EXERCISE DATA »
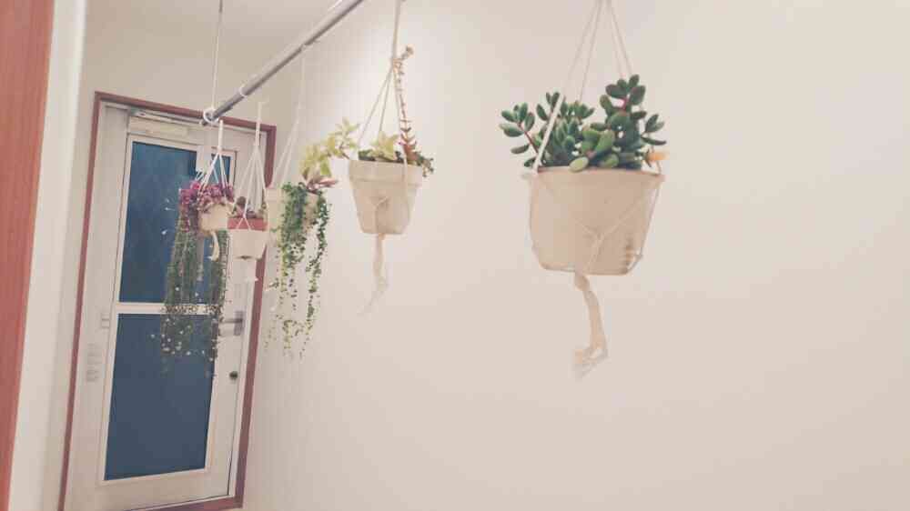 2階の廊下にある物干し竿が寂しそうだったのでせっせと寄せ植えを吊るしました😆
---
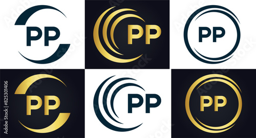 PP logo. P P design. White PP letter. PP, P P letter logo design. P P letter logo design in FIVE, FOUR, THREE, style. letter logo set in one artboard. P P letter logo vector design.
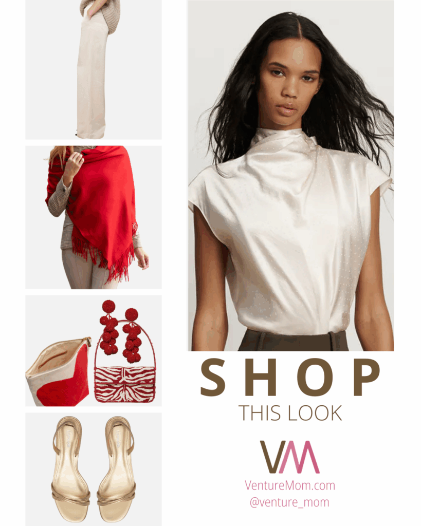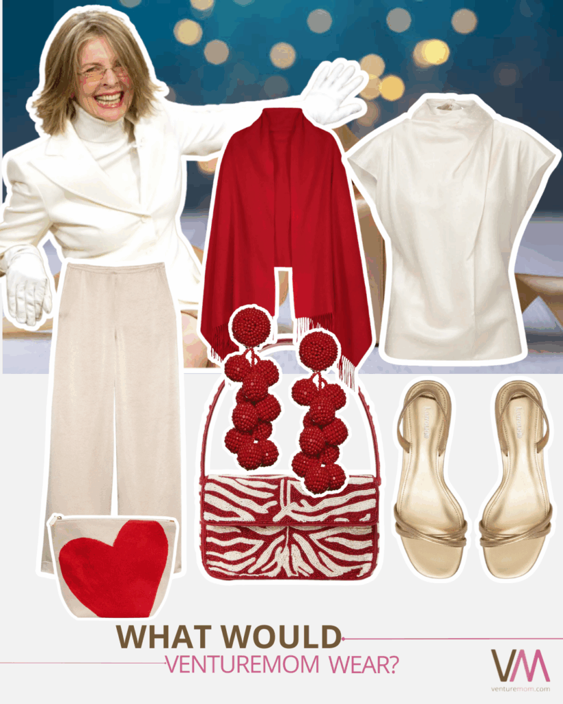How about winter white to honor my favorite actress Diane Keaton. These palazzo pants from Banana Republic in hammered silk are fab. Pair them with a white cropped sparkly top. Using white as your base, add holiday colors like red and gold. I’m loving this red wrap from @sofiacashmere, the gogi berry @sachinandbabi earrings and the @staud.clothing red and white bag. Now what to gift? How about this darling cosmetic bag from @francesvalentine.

WHAT THE TASK REQUIRES » Quote the lines above exactly, starting with the one that has "PP logo. P P" and ending with the one that has "How about winter"; drop the pictures and include nothing else.

EXERCISE RESPONSE »
 PP logo. P P design. White PP letter. PP, P P letter logo design. P P letter logo design in FIVE, FOUR, THREE, style. letter logo set in one artboard. P P letter logo vector design.
How about winter white to honor my favorite actress Diane Keaton. These palazzo pants from Banana Republic in hammered silk are fab. Pair them with a white cropped sparkly top. Using white as your base, add holiday colors like red and gold. I’m loving this red wrap from @sofiacashmere, the gogi berry @sachinandbabi earrings and the @staud.clothing red and white bag. Now what to gift? How about this darling cosmetic bag from @francesvalentine.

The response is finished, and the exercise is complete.